Możliwość szybkiej ewakuacji w przypadku katastrofy, sprawny transport pacjentów w ciężkim do szpitala, możliwość organizowania lotów specjalnych. To tylko kilka korzyści powstania lądowiska dla helikopterów w WPKiW w Chorzowie.
3 listopada w dyrekcji parku zostało podpisane w tej sprawie porozumienie pomiędzy miastem Chorzów, Chorzowskim Centrum Pediatrii i Onkologii, WPKiW i Komendą Miejską Państwowej Straży Pożarnej w Chorzowie.

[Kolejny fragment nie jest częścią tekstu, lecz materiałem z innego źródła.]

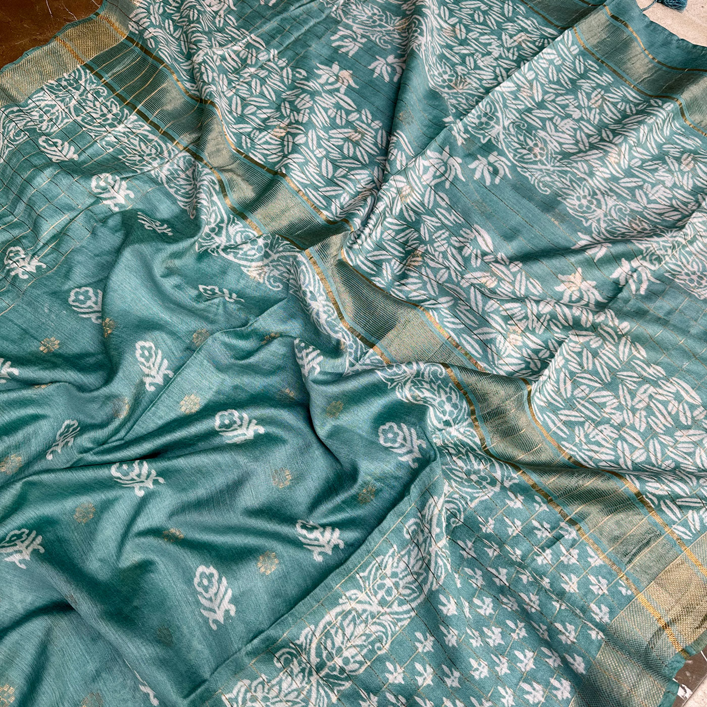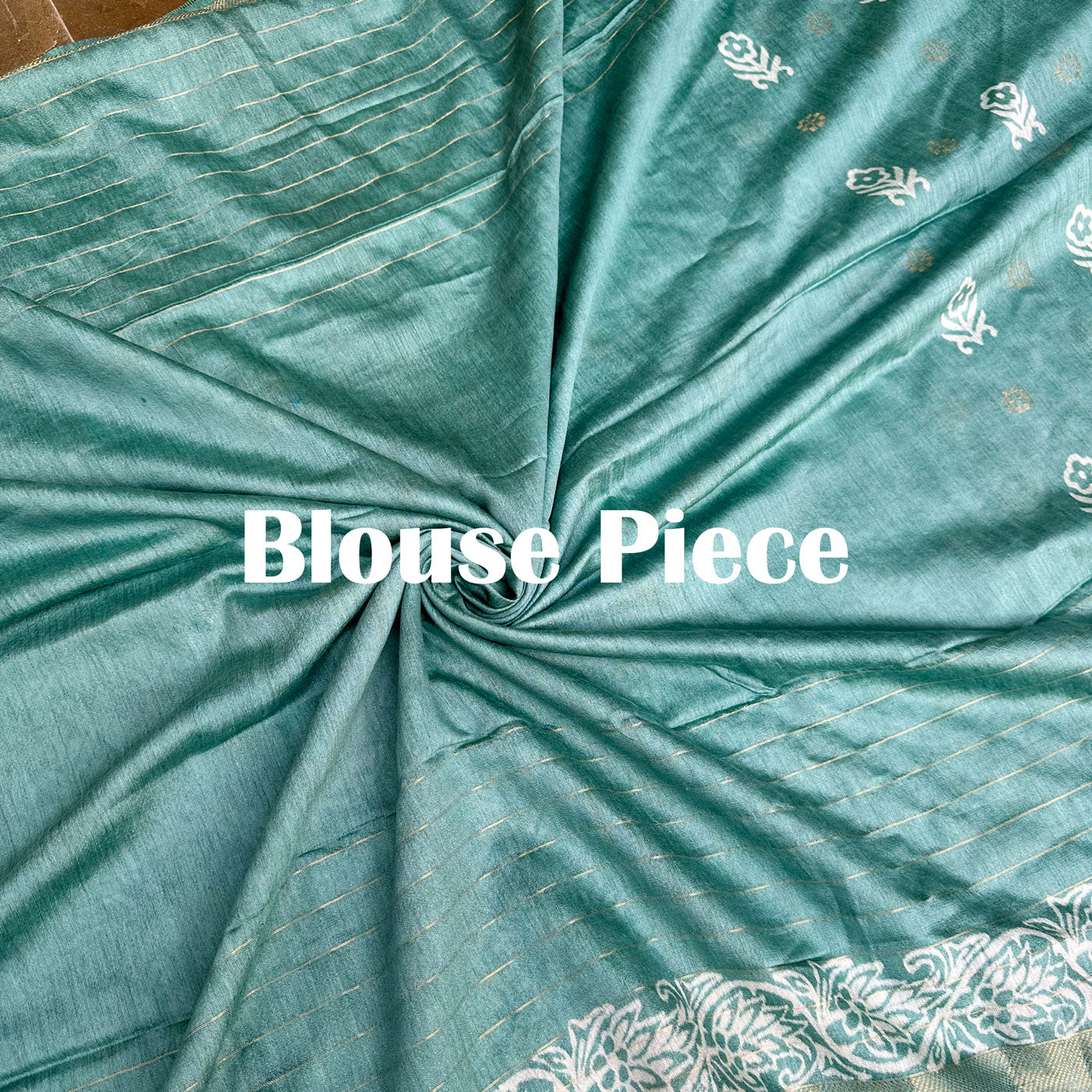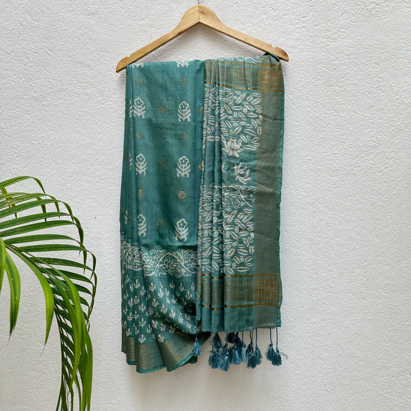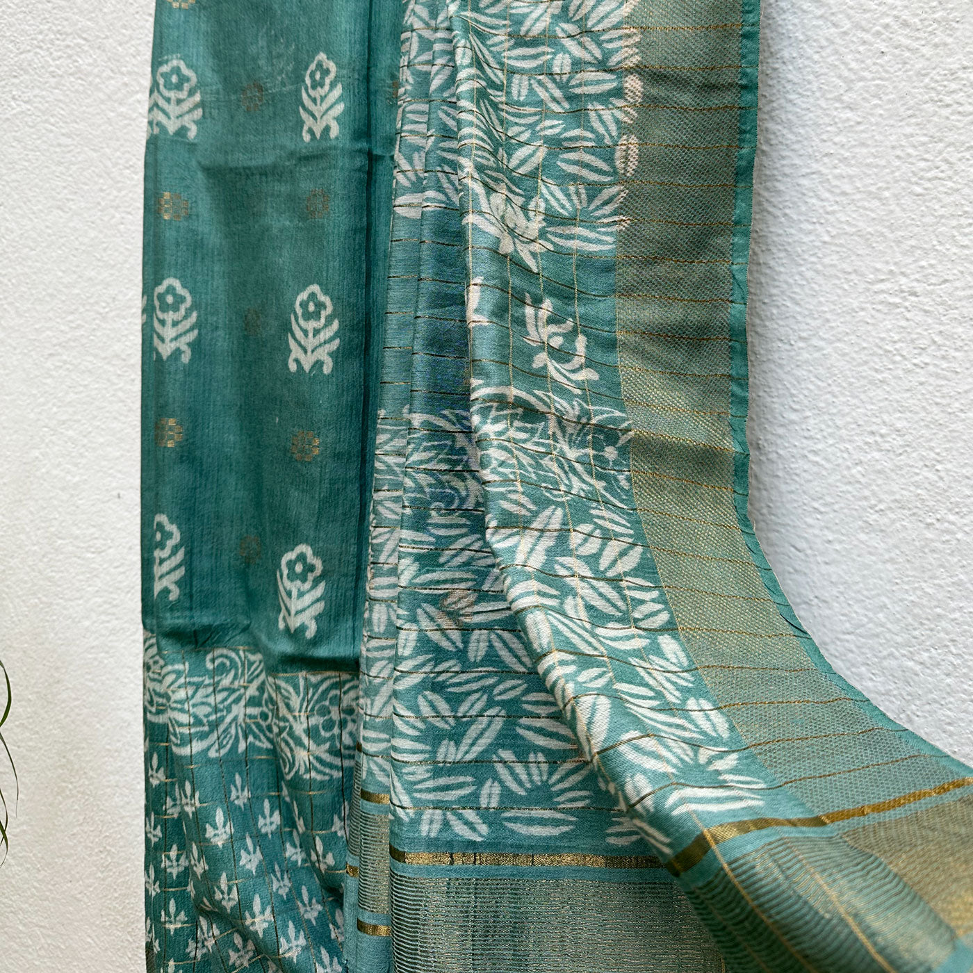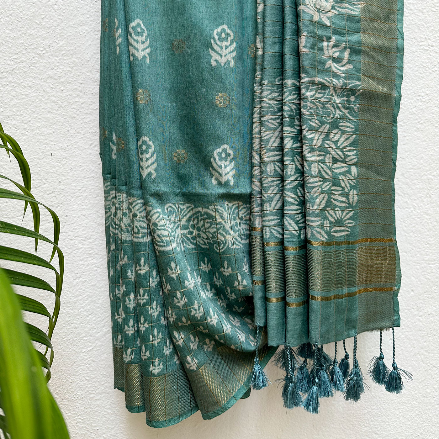 Brighten your collection with this exquisite cotton-silk saree, adorned with a bold gold stripe border and graceful handblock floral buta and bel designs. The classic tassels on the pallu enhance its elegance, while the detailed handblock motifs, radiant gold butas, and lively checks pattern throughout create a perfect harmony of heritage and vibrancy. Crafted to boost your confidence and draw admiring looks, this saree is your ultimate choice for making a strong, lasting impression at every event.
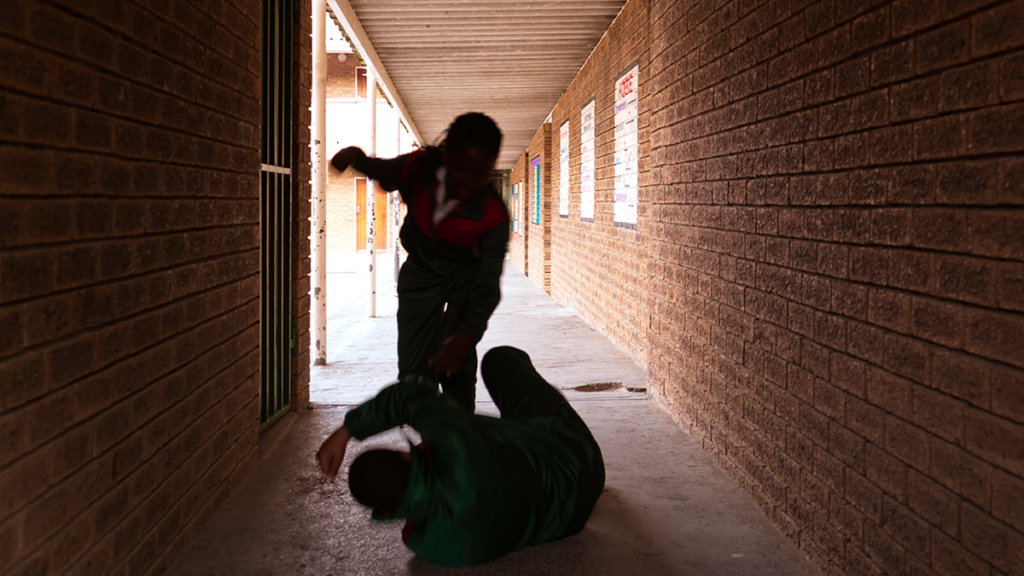 A student gets into a violent fight in the classroom—students’ safety is threatened, and the teacher struggles to break up the fight before calling the office. The office may (or may not) send an administrator, counselor, or other office-staff member to the classroom, where the fighting students are taken into the hallway or the office for a brief discussion about their actions.
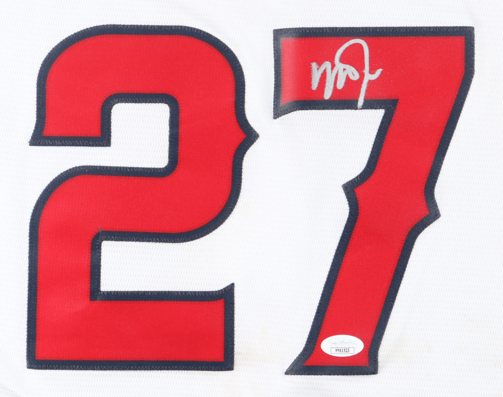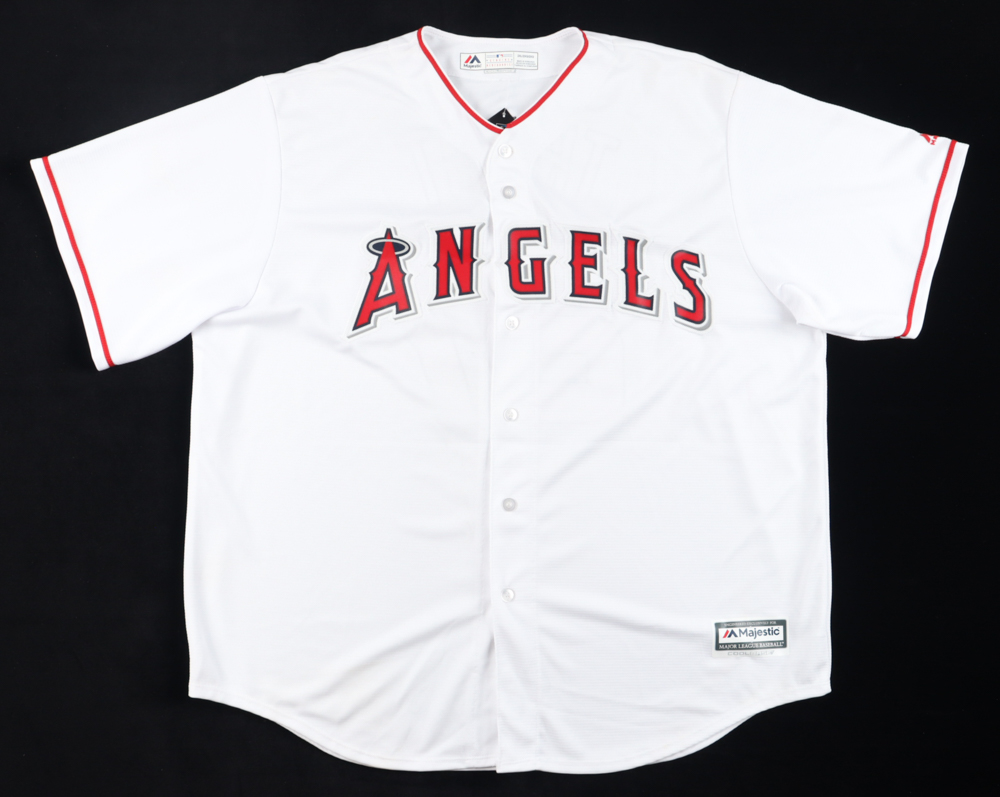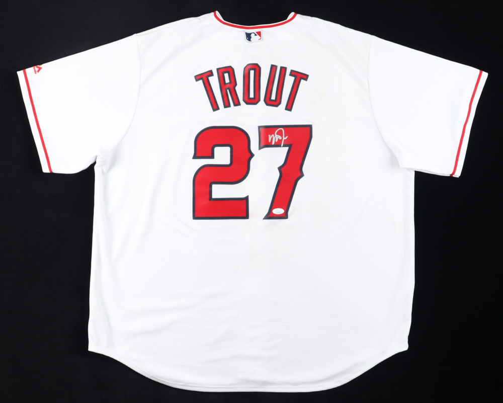 Custom baseball jersey. Everything sewn on, size XL. Hand-signed by Mike Trout.
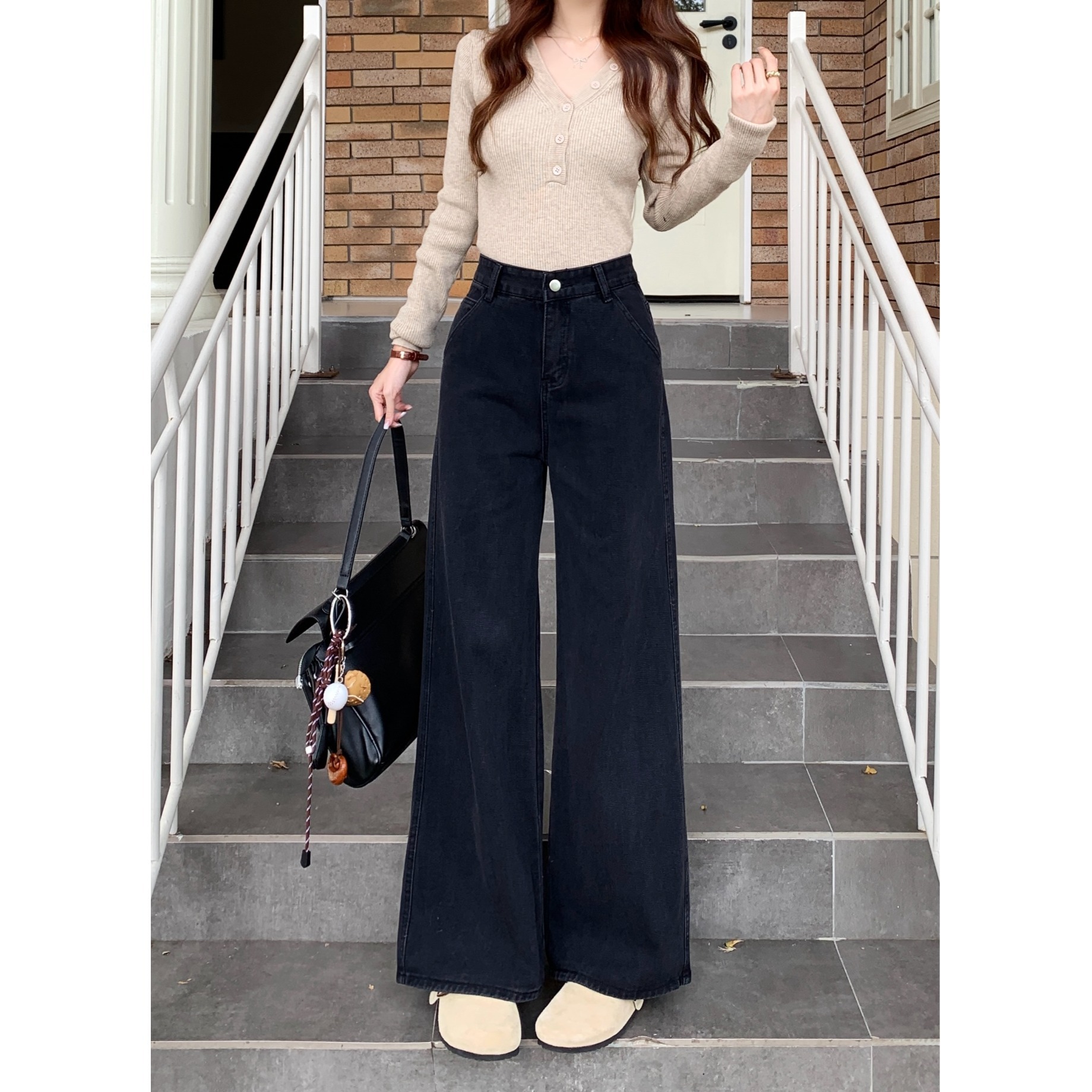 ストレートにベルベットをつけてジーンズを厚くした女性は冬に2024の新しい高腰ゆるい学生の広脚ズボンを着て保温する

- Dzięki wyznaczeniu tego miejsca wzrasta ilość szans uratowania czyjegoś zdrowia czy życia - mówił w czasie konferencji prasowej Arkadiusz Godlewski, prezes WPKiW. - Rozważaliśmy kilka miejsc w parku, w końcu uznaliśmy, że najlepszym rozwiązaniem będzie wyznaczenie miejsca do lądowania na tak zwanej "końskiej łące". W naszej gestii jest teraz takie dbanie o to miejsce, by w każdej chwili mógł tam wylądować helikopter.
Miejsce do lądowania szczególnie ważne jest dla chorzowskiego szpitala
- Pacjent powinien jak najszybciej znaleźć się w szpitalu, trzeba ograniczać ingerencje w trakcie transportu - powiedział Grzegorz Szpyrka, dyrektor Chorzowskiego Centrum Pediatrii i Onkologii w Chorzowie. - Każde przeniesienie z miejsca na miejsce jest traumą na przykład dla noworodka w ciężkim stanie. Ponieważ Chorzów jest bardzo zurbanizowany nie mogliśmy myśleć o takim miejscu do lądowania przy szpitalu. WPKiW to na dzień dzisiejszy optymalne miejsce.
- Poza tym było niezbędne do funkcjonowania nowo powstałego oddziału ratunkowego w szpitalu onkologicznym - dodał Andrzej Kotala, prezydent Chorzowa.
O to, by zabezpieczyć "końską łąkę" w przypadku lądowania helikoptera dbać będzie m.in. chorzowska straż pożarna.
- Ma ono dla służb ratunkowych niebagatelne znaczenie - mówił Janusz Garncarczyk, komendant Komendy Miejskiej Państwowej Straży Pożarnej w Chorzowie. - W Chorzowie dobywa się wiele koncertów, są mecze piłkarskie. Powstanie miejsca do lądowania daje nam pewność, że będziemy mogli przeprowadzić chociażby szybką ewakuację.